Tomorrow my dear friend, Esther, packs a car and drives across the country to move to New York. So today is the day we say goodbye. Truth be told “goodbye” means nothing in our techno-intraweb-face-a-gram world. But it’s still hard. So today, let’s talk about goodbyes.
Goodbyes are hard. They imply finality. Goodbyes mean change, and nobody’s good at change. I like comfort. It’s the reason I more often choose flats over heels and would stay in my pj’s for days on end if you let me. Change is uncomfortable at first. Really it’s the IDEA of change that is uncomfortable. Think about it. Once the change is made you settle into it 9 times out of 10, right? You realize that the thing you were scared/nervous/anxious about is perfectly fine and now that it’s changed you gotten used to it. But it’s that 1 time out of 10 that I’m worried about.

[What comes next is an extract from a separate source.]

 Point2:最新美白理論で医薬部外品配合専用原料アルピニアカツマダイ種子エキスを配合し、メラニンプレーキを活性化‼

I met Esther in college. We were doing a production of “Into the Woods.” She was Little Red Riding Hood. I was the tree. Literally. I played a spirit in a tree. Esther was feisty and kind of weird. She was everyone’s favorite, which meant that I wanted to be HER favorite. I kind of stalked her to be friends and one night we bonded over White Russians and….well, let’s just leave it at White Russians.

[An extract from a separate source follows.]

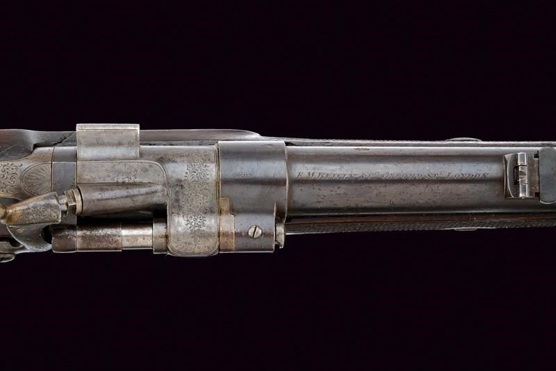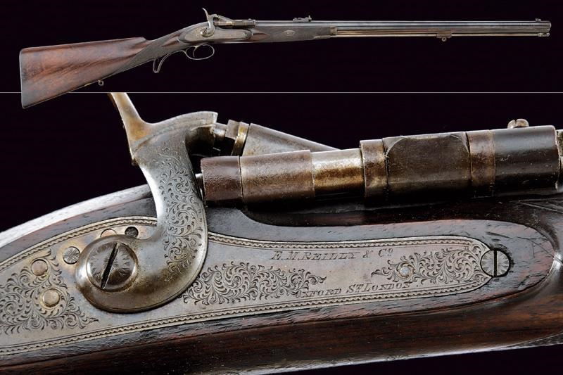 Canna tonda, rigata (anima pulita, rigatura ancora visibile), firmata alla base "F. M. REILLY & Co. OXFORD ST. LONDON", con punzoni del banco di Londra, alzo regolabile e mirino, cal. 14.5 mm in volata. Otturatore marcato "SNIDER PATENT", con punzoni del banco di prova di Londra e fini incisioni floreali. Meccanica funzionante. Codetta incisa. Batteria a molla in avanti firmata "E. M. REILLY& Co - OXFORD ST. LONDON" fra disegni floreali. Mezza cassa in legno con astina e collo zigrinati. Fornimenti in ferro decorati en suite. Le parti in ferro conservano gran parte della brunitura originale. Bacchetta in ferro.

We were hooked on each other. We did girly things like stay up late and eat ice cream and Doritos. We developed a keen eye for identifying, and a shorthand for talking about crazy looking people, or sometimes just a weird pair of shoes that walked into the room. We tried to be roommates and then we figured out that was a bad idea and we went back to being just friends. But then we tried to be roommates again, only to confirm that no, that really was a bad idea and we were right the first time. We’ve been through relationships, break-ups, job turmoil, rejection, illness, weddings and house buying.
Esther is a very good friend. And we are really lucky to have found each other. Ours has been a friendship that has grown. We have both gone through big changes. I used to be fat, now I’m skinny. Esther used to be an intern at her job and freak out if Madonna came into her office, now she’s a VP and says things like “Hey, I have to bone out tonight because Stevie Nicks refuses to go on if I don’t see her before this show.” Changes. Somewhere along the way, we stopped fighting the changes and just rolled with them. We allowed each other the space to be who we are NOW, in the present, while still appreciating the dorky college girls we once were.
But goodbyes are hard.
And as I stare down the barrel of this goodbye, I find myself trying to wrap my brain around the fact that it is even happening. I mean, I sat on her porch yesterday while the movers packed boxes with everything from giant vases filled with Jordan almonds (“just tape them shut,” she said) to a bazillion pairs of shoes, to gorgeous works of art commissioned by artists “she knew once.” It’s happening. She’s moving. I pillaged the house, searching for things she did not need – an old vintage school map, bookends, mirrors – that I could fit into my home. She’s really moving.
But I don’t want her to.
Even though we rarely see each other. Even though I now have a swanky SoHo apartment to stay in when I visit New York. Even though she’s moving to marry an amazing man and start her life with him.
I just don’t want to say goodbye to one of my oldest friends.
But I’ve done it before. So….in honor of Esther’s departure, here are some things I have officially said goodbye to:
•McDonalds #2 Meal Supersized for lunch
•Eating without thought or care
•Leading a sedentary lifestyle
•Plus Sized clothing
•My desire to be the next Bernadette Peters
•An open jar of peanut butter in my house
•Needing everything to go exactly my way.
That last one is a doozy and I still have to say goodbye to it constantly. Because here’s the thing – goodbye is never really goodbye. I didn’t just wake up one day having lost the ability to see McDonald’s. I can still see you, McDonald’s, you’re not fooling anyone! I have to say goodbye to the same things over and over again. Usually I find that a nuisance – why can’t McDonald’s just disappear from my vision?! But in this instance I’m ok that goodbye doesn’t always mean goodbye.
Because if I know that I’ll spend the rest of my life saying goodbye to Esther, then it’ll make the one I have to say today just a little easier. Not a lot easier. But a little easier.
So, goodbye, dear friend! Bon Voyage! Bonne chance! Collop Coki! This is my spelling of a Hungarian phrase that Esther taught me which, roughly translated means, “May you have all of the shit in China in a hat.”
It means, good luck. But you’re not going to need it.